Let's take a closer look.

As you can see below, AAL stock had been on a roll since bottoming out in mid-October and has been attempting to break above resistance at $50 over the last several months. It has failed each time, and following the latest instance, the shares pulled back drastically.

The stock is now below its 50-day moving average (the blue line) for the first time in months, and the breakdown came on the back of a huge volume spike. It's also worth noting that price support at $45.50 was broken as well.

Time to Grab AAL Stock?

Some may view the weakness as an opportunity to scoop up American Airlines shares at a discount, but from a technical perspective, we need to see them build a base for a week or two on declining volume before considering AAL stock a buy.

The thing is, American Airlines is not alone - the entire airline sector has felt some pressure lately. In fact, the U.S. Global Jets ETF's (NYSEARCA: JETS ) chart looks extremely familiar. After rallying since October and consolidating the last two months, JETS failed at breaking above resistance and is now trading below its 50-day moving average.

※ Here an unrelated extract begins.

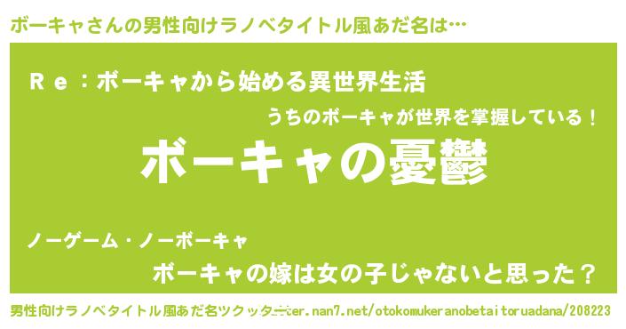 | ヒーロー風カッコイイあだ名 | 『スーパーボーキャ』『究極戦士ボーキャ』 |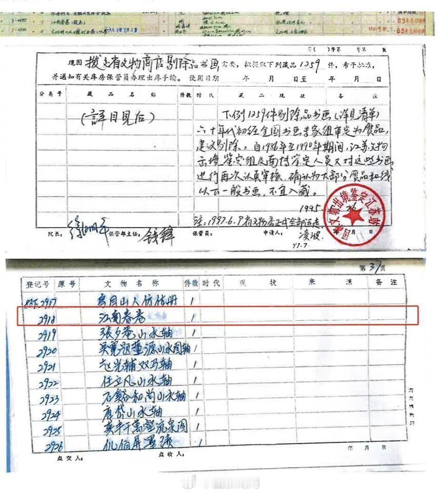🔻这事儿吧,你要说“程序”合不合法,我估计是合法的。🔻看过年代穿越文的网友可能多多少少都看过“去文物商店捡漏”之类的情节。🔻网文主角们动不动“一买就买一四合院的字画”,除了文物商店自己收来的以外,还能是哪来的。🔻就是,被捐赠者后人闹上门来确实不体面。那是另外的话。南博出示江南春专家鉴定记录热点现场

A slew of earnings reports have been released from the airline stocks over the last week, and the results certainly weren't bad enough to issue sell signals. If anything, there could have been some profit taking on "buy the rumor, sell the news."

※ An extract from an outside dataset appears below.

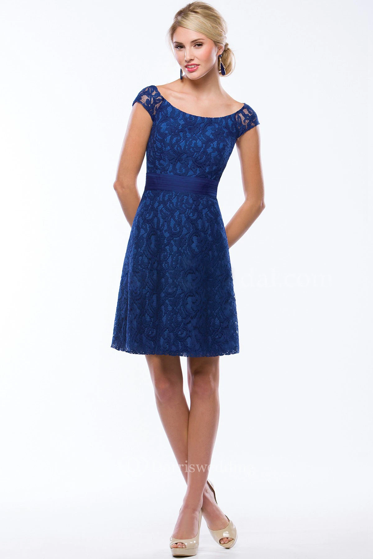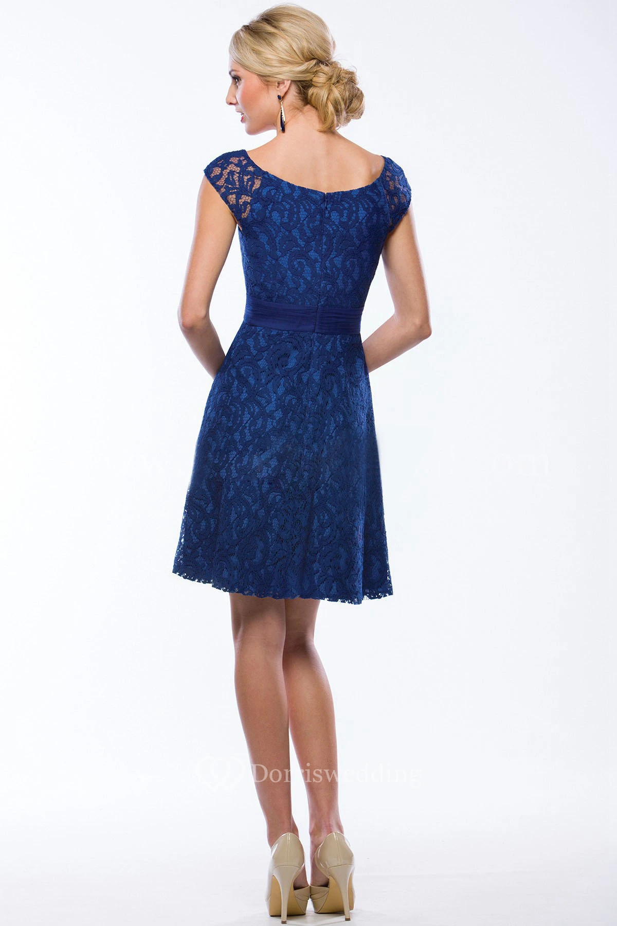 Cap-Sleeved A-Line Short Lace Bridesmaid Dress With Scoop Neck

Instead, there are two much bigger issues currently weighing on the sector. The first is President Donald Trump's immigration ban, and the second is the potential increase in capacity in the U.S. While the Trump situation has garnered a lot of news and negative feedback, it's a short-term issue and should not have a major effect on airline profits.

On the other hand, more capacity could lead to price wars and lower margins.

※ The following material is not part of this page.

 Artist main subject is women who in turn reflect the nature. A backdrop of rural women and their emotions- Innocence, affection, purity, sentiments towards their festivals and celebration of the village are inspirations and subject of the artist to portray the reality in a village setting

Bottom Line for Airline Stocks

In the end, my view on the airline stocks remains bullish over the long term, and once the sector is able to build a base I'll be on the lookout to move some money into either individual stocks or the ETF - whichever provides the more attractive opportunity at the time.

I don't believe there's a reason to try and be the hero today. Instead, use the pullback to buy the stocks that are on sale in the coming weeks.

Matthew McCall is founder and president of Penn Financial Group, an investment advisory firm. Matt also is Editor of FUTR Stocks and the ETF Bulletin. Earlier this year, Matt and Hilary Kramer teamed up onBreakout Stocks where Matt serves as the Co-Editor. Most recently, Matt and Hilary joined forces again. This time, they are helping individual investors make money trading ETFs. For more on their latest project, visit www.etfedgesummit.com .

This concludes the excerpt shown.